Today, I woke up thinking it was going to rain all day, and I wasn’t going to get to go for a run. I saw that my friends in Texas got rained out of their 10K (and got a yummy breakfast to fill that time!) and decided, since the rain was to hold off til 2, that I should head out. Lacey was in need of some time with me, so she got to go too!
We headed out to our favorite trail, and I told her (you talk to your dog, right?) that we were going out for three miles, and then coming back. No problem.
As we ran, I thought about how much I love this time out in nature. It was warm enough for me to wear a skirt (which I LOVE) and the birds were singing like crazy. Spring is so amazing! Everything coming to life and excited about the warmer weather to come!
This…is how we feel about running outside (finally!)!

Lacey is my run buddy. She keeps me company when I run, and, frankly, looks out for my safety.
Today, however, we got out to mile 3, and just as we turned around, my husband called to say it was raining! It was starting to show signs of rain where we were also, but nothing to be alarmed. That all changed in a half mile! Poor Lacey kept looking at me, as if to say “Why are we still out in the rain?!” We ran back to the car, throught puddles, downpour and lots of laughing! I told Lacey I was sorry, but it was so much fun!
As I ran, I thought about the rain, and my other friend who was doing Ironman Texas, and I was ‘swimming’ for her! (when I got home, I got the alert from her race that it was cancelled, due to the same storms that stopped my other friends from doing their 10K).
The next thoughts, were about how much this rain felt great. How my hat was soaked, my clothes were soaked, and my poor dog, was soaked. It was not cold. It was a beautiful spring rain.
Backtrack a bit…
It’s Sunday. Many people are heading to church on Sunday morning. I’m not going to lie, when I woke up, my first thought was about how long til church…then I decided I would rather run in the woods than go to church. You see, church, the past few years, has been a place of anxiety for me.
I left one church (the place I met my husband) after I noticed I had a difficult time focusing on the message and music, because the people on the stage were not genuine, and presented differently to me when they were out of the spotlight. That is disappointing.
I spent 2 years ‘church shopping’ and didn’t have much luck. It’s not easy to struggle like that, when you want to raise your child knowing who God is, and how important He is to who we are, and where we are going. One day, my husband came home and told me about a church that was starting in the area, and he wanted to be a part of its’ development. Of course, I supported him in this endeavor, and off we headed to be part of what we thought was a leadership/development/startup team for a new church. How exciting!
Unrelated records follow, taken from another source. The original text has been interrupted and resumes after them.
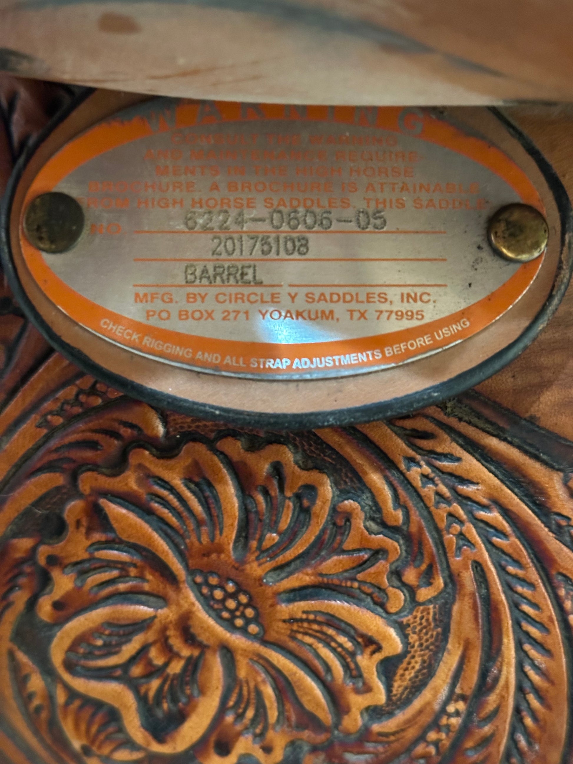 16” Circle Y High Horse Jewel Western Barrel Saddle Model 6224 (2017)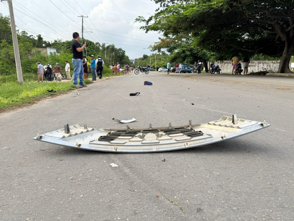 En el lugar se pudo apreciar pedazos de la parte frontal de la unidad presuntamente responsable no obstante el conductor logró escapar del lugar con rumbo a la capital del estado Chetumal.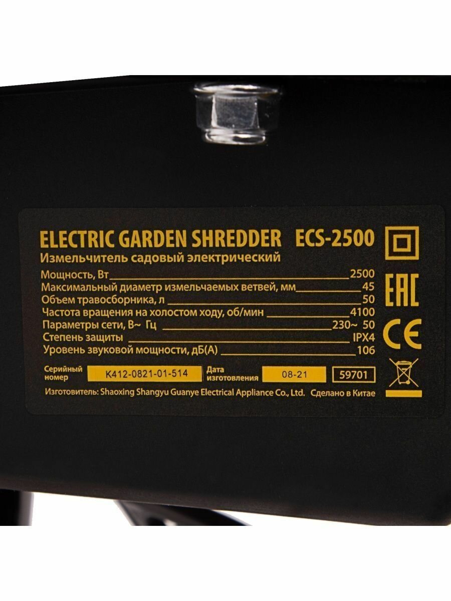 Измельчитель садовый электрический ECS-2500, 2500 Вт, 45 мм Denzel [59701]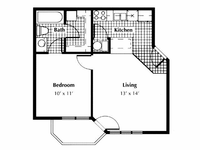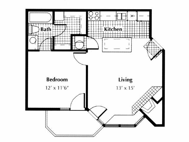 Modelo de apartamento: SunsetDesde $1,1981 Dormitorio, 1 Baño, 580 sq ftDisponible Ahora![]()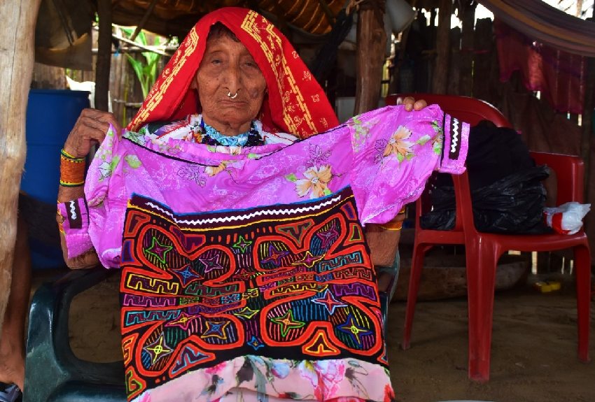 Entre los bohíos de paja y caña brava en la Comarca Guna Yala, lejos de los rascacielos y el tráfico de la ciudad de Panamá, Sipu Mayan, de 88 años de edad, beneficiaria del programa 120 a los 65 del Ministerio de Desarrollo Social (MIDES) teje con una visión milimétrica diseños geométricos vibrantes en camisas, bufandas, trajes y otras prendas conocidas como mola.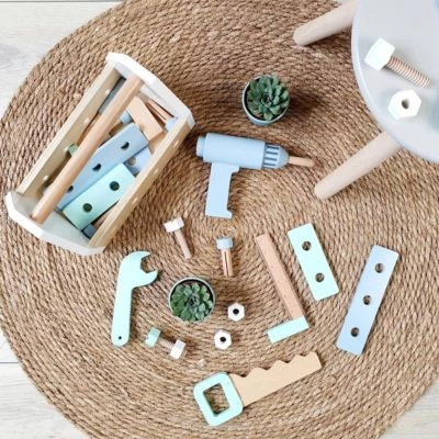 Auch im Kinderzimmer gibt es immer etwas zu reparieren. Da kommt die Werkzeugkiste Fagus von Musterkind gerade recht. Sie begeistert mit zahlreichen Accessoires wie Schraubenzieher, Säge, Bohrmaschine und vielem mehr. Werkzeugkiste Fagus von Musterkind 27-tlg. Werkzeugkasten mit Tragegriff und Löchern, Bohrmaschine, Hammer, Schraubendreher, 1 Maulschlüssel, 1 Säge, 1 Messwinkel, 4 Schrauben, 4 Muttern, 4 Nägel, 8 Verbindungsplatten 25(L) x 14(B) x 15(H) cm aus Holz ab 3 Jahren geeignet Eine Werkzeugkiste wie für Profis: Das Set ist in lässigem skandinavischem Design gehalten und mit zahlreichem Zubehör ausgestattet. Der robuste Werkzeugkasten ist mit einem praktischen Tragegriff versehen und auch für unterwegs geeignet. 27 Teile sorgen bei Minis sofort für große Begeisterung. In die seitlichen Löcher können die Schrauben mit dem Schraubenzieher eingedreht und mit den Muttern befestigt werden. Das Set beinhaltet zudem eine Bohrmaschine, einen Hammer und einen Maulschlüssel. Natürlich dürfen auch eine Säge, ein Messwinkel, Nägel und verschraubbare Verbindungsplatten nicht fehlen. So hat der Hobbyhandwerker immer alles parat, wenn Hilfe benötigt wird. Mit den Elementen des Sets trainieren Kids ihre motorischen Fähigkeiten. Zudem eignet sich die Werkzeugkiste ideal dafür, mit Geschwistern und Freunden zu spielen. Das umfangreiche Set ist für Kinder ab drei Jahren zu empfehlen.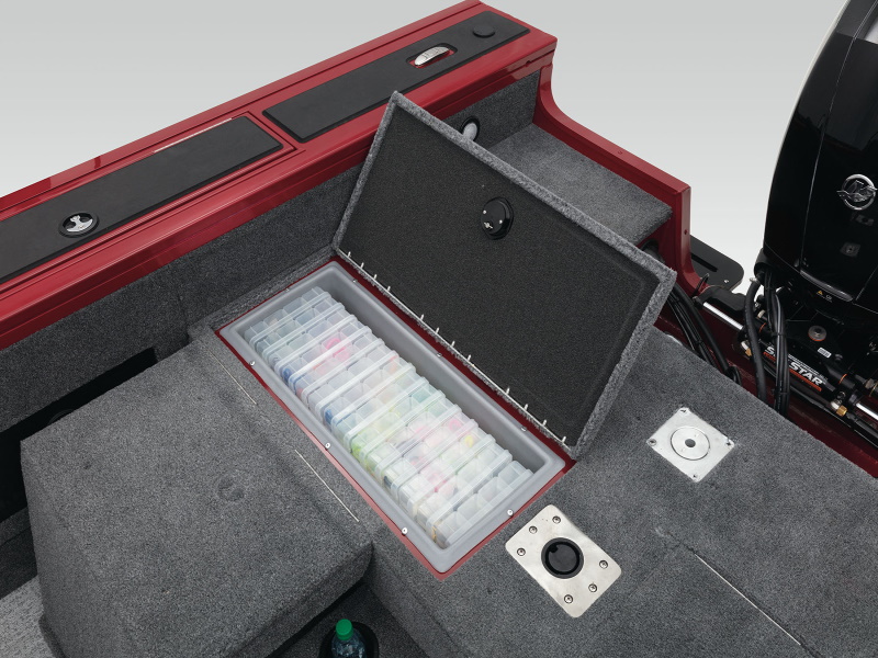 - Aft deck starboard rotomolded storage for fourteen 3700-series tackle boxes

We worked for a year, helping to make the church a success. We noticed that we weren’t included in certain decisions, which was ok (although I did think it was because we are teachers, and not coorporated executives or people with money to donate.) We continued to help, volunteering weekly in children’s ministries and even getting the kids to help (which they loved). Then, their was a decision made that didn’t include us, but also disregarded the skills and talents we had to offer.
So now, here I am, a year later, hurt by the people. Humans screw up, I get that, but we were gone from the church for over a year, and nobody seemed to notice. Nobody reached out. Nobody ‘cared’.
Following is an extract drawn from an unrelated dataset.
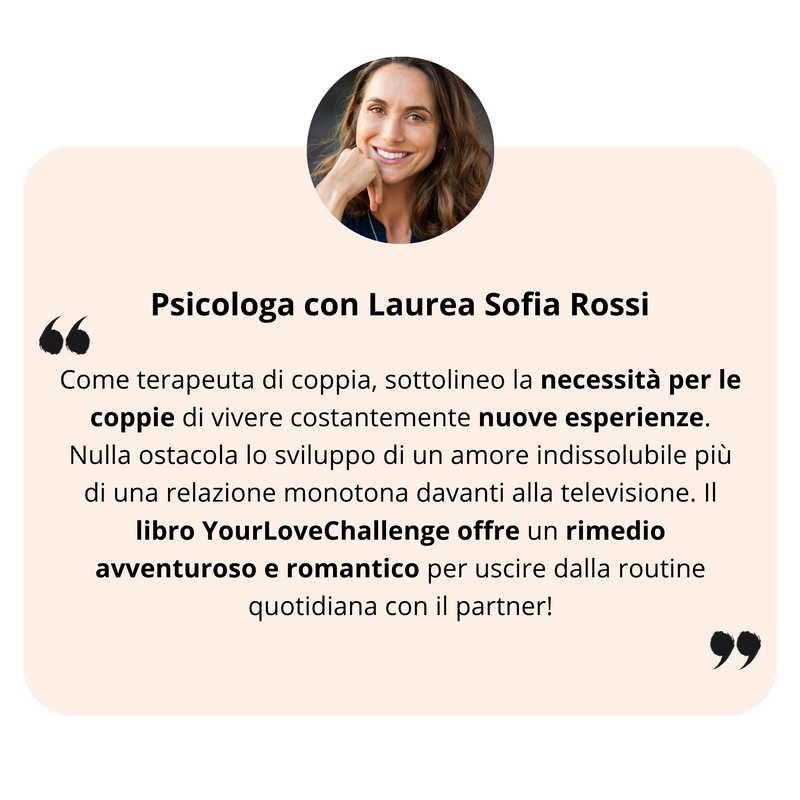 Benvenuti a YourLoveChallenge! Evelin e Daniel, i fondatori, vi offrono di vivere momenti indimenticabili – la ricetta segreta per relazioni interpersonali arricchenti. I nostri libri offrono una varietà di sfide per coppie, amici, famiglie e viaggiatori, per rafforzare ogni relazione e vivere nuove esperienze. Scoprite insieme nuove sfaccettature e create il vostro libro dei ricordi 💖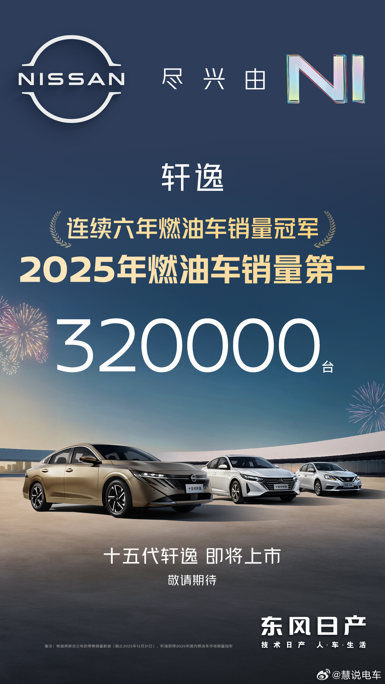 给大家看一组东风日产的数字,着实让我有些震惊。行业新实力,满电再起飞!乘联会最新数据出炉,东风日产交出2025硬核成绩单:🔹 N6斩获合资插混销量第一 🔹 天籁·鸿蒙座舱12月销量环比翻番 🔹 轩逸销量累计32万,连续六年燃油销量冠军累计销售1700万台,轩逸32万台。这个数字很亮眼。东风日产 行业新实力 满电起飞 感谢1700万 新能源转型

So, I found other ways to worship. I listen to Christian music all day. I take in the beauty of the outdoors. I am Blessed with the only room in my workplace that gets abundant sunlight. I celebrate the friends who invite me to run with them on races and locally. I rejoice in the beauty and intelligence of my daughter, who God Blessed me with!
See, I find God in the everyday. I find God in the Blessings that I get from being a mom, teacher, wife, dogmom, and friend. I miss the community of church, but am not in a place where I trust it…because, people…
So, off to the forest I run…with Lacey…celebrating God’s beauty and the life I have been given.